#### Data for analysis
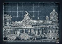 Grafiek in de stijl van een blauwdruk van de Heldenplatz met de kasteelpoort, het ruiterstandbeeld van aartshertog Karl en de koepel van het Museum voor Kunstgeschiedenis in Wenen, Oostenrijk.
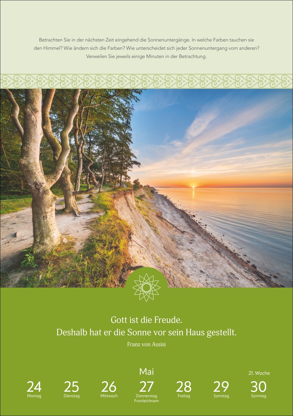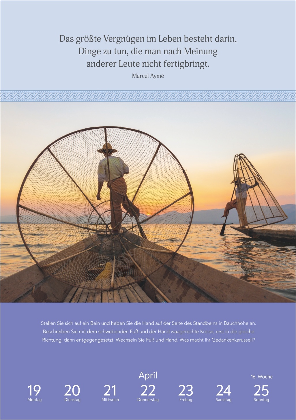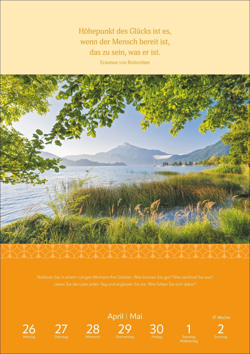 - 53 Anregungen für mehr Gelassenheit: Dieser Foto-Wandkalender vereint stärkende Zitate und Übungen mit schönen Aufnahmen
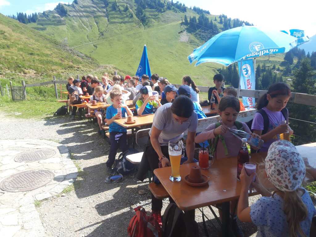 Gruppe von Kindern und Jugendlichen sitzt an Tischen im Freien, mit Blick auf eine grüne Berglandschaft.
########
#### Data for analysis
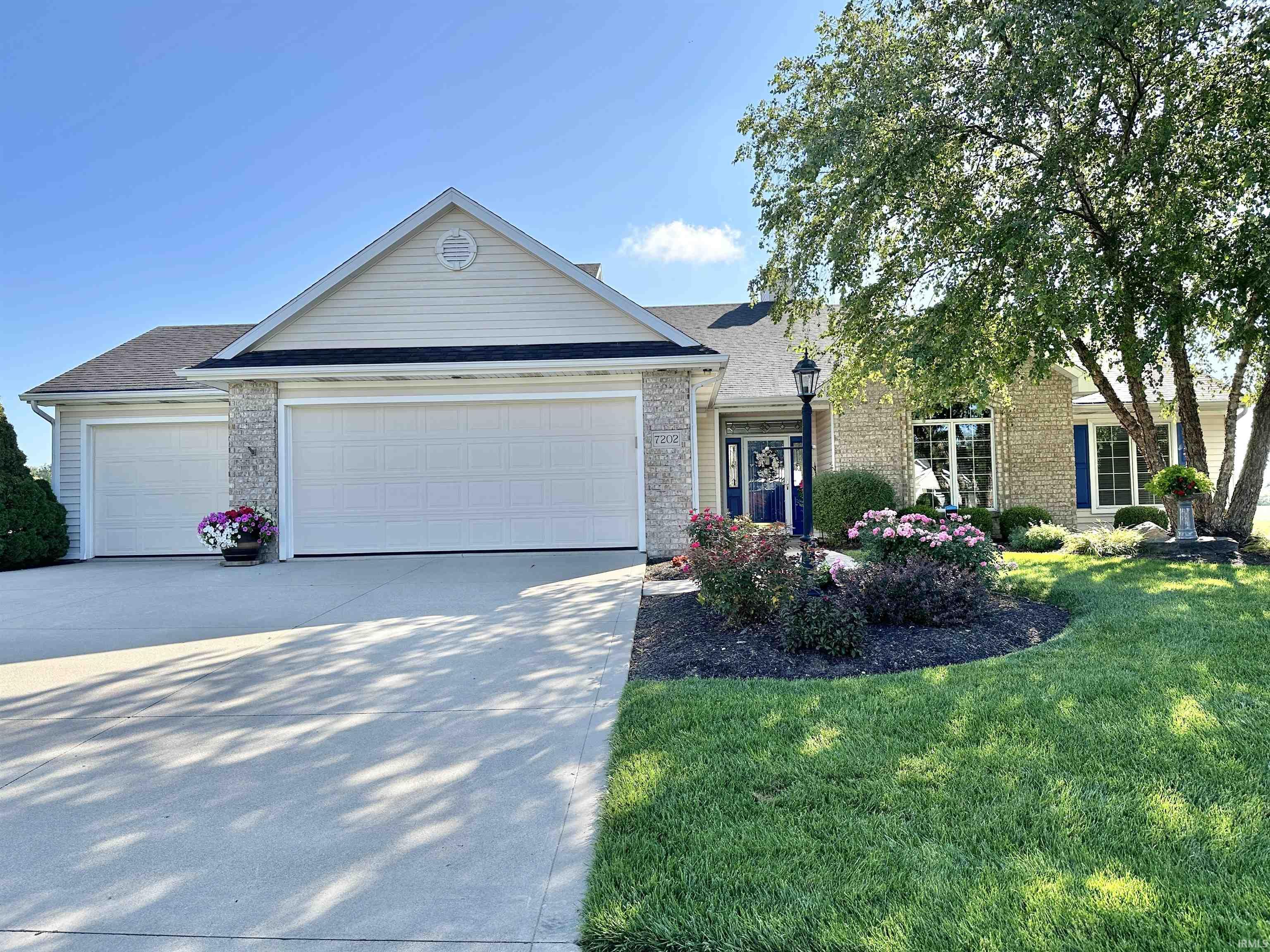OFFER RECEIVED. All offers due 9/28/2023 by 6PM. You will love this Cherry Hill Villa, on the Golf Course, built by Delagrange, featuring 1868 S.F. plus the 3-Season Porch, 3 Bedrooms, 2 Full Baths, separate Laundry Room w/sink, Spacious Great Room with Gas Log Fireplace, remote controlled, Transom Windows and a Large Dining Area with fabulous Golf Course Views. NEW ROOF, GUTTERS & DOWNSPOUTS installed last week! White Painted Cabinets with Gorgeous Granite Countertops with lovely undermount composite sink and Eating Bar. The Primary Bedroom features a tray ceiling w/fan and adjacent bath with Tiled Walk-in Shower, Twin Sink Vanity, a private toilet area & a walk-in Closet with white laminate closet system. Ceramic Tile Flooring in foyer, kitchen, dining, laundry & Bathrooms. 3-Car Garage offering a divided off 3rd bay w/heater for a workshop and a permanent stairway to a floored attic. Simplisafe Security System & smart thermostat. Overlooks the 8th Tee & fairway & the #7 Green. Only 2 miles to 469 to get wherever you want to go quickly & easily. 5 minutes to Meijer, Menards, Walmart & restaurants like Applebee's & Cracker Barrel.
########
#### Data for analysis
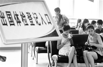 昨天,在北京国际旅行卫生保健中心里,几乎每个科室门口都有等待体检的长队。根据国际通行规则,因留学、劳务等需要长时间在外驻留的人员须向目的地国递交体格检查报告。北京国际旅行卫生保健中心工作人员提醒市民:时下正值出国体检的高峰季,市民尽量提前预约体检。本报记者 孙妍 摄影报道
########
→ **Problem statement**: Please set down, exactly and with no pictures, the lines in the entries above starting at the one holding "- 53 Anregungen" and ending at the one holding "Gruppe von Kindern", ends included.

→ **Task solution**:
 - 53 Anregungen für mehr Gelassenheit: Dieser Foto-Wandkalender vereint stärkende Zitate und Übungen mit schönen Aufnahmen
 Gruppe von Kindern und Jugendlichen sitzt an Tischen im Freien, mit Blick auf eine grüne Berglandschaft.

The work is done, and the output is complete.